# [THE TASK]
Write the listing out again word for word. Pictures do not belong in the copy.

# [RECORDED INFORMATION]
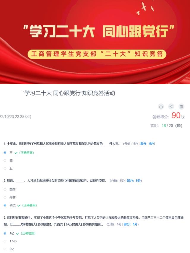 其次,三个支部组织支部成员认真学习党的二十大精神,包括党的二十大报告、习近平总书记在二十届中共中央政治局常委同中外记者见面时的讲话实录等内容。为进一步夯实学习成果,三个支部采用线上线下结合的方式联合开展了“学习二十大,同心跟党行”知识竞答活动,内容涵盖了大会主题、过去五年的工作、新时代十年的伟大变革、新时代新征程中国共产党的使命任务等重要内容。经统计,刘斯琪、张可欣、钟洁等同志取得优异成绩。
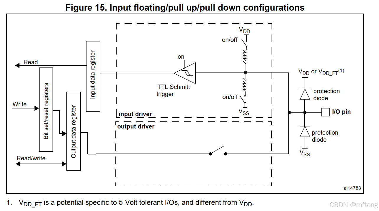 原理:上拉电阻可以接到一个与MCU VDD不同的电压(如5V)。当引脚输出高阻态时,总线电平被上拉到5V;输出低时,则拉低到0V。这样,一个3.3V的MCU就可以安全地与5V器件通信。
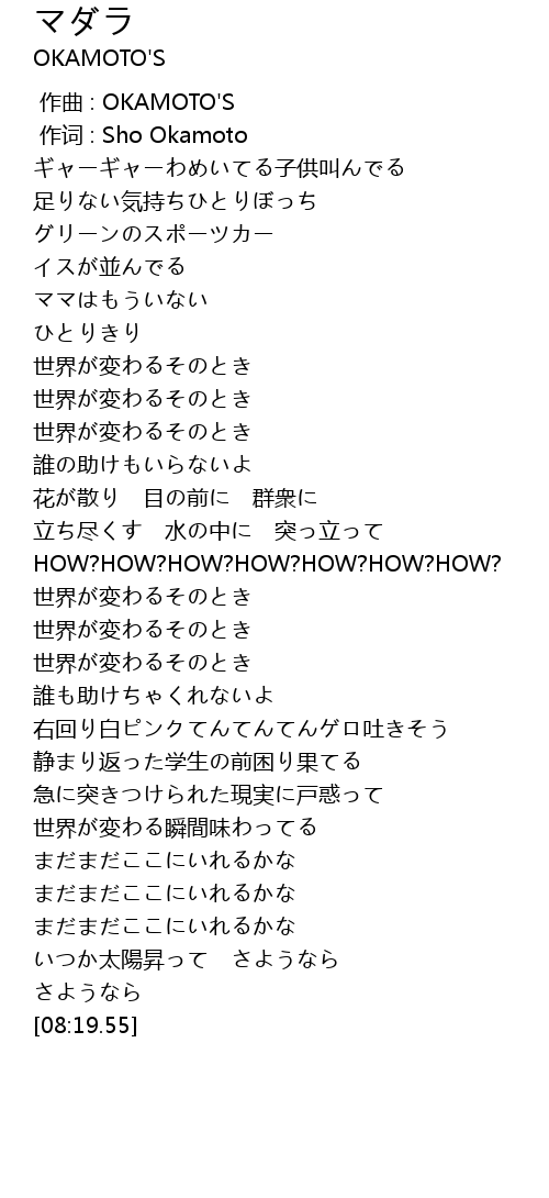 | [00:00.000] | zuò qǔ : OKAMOTO' S |

# [ANSWER FOR THIS EXERCISE]
 其次,三个支部组织支部成员认真学习党的二十大精神,包括党的二十大报告、习近平总书记在二十届中共中央政治局常委同中外记者见面时的讲话实录等内容。为进一步夯实学习成果,三个支部采用线上线下结合的方式联合开展了“学习二十大,同心跟党行”知识竞答活动,内容涵盖了大会主题、过去五年的工作、新时代十年的伟大变革、新时代新征程中国共产党的使命任务等重要内容。经统计,刘斯琪、张可欣、钟洁等同志取得优异成绩。
 原理:上拉电阻可以接到一个与MCU VDD不同的电压(如5V)。当引脚输出高阻态时,总线电平被上拉到5V;输出低时,则拉低到0V。这样,一个3.3V的MCU就可以安全地与5V器件通信。
 | [00:00.000] | zuò qǔ : OKAMOTO' S |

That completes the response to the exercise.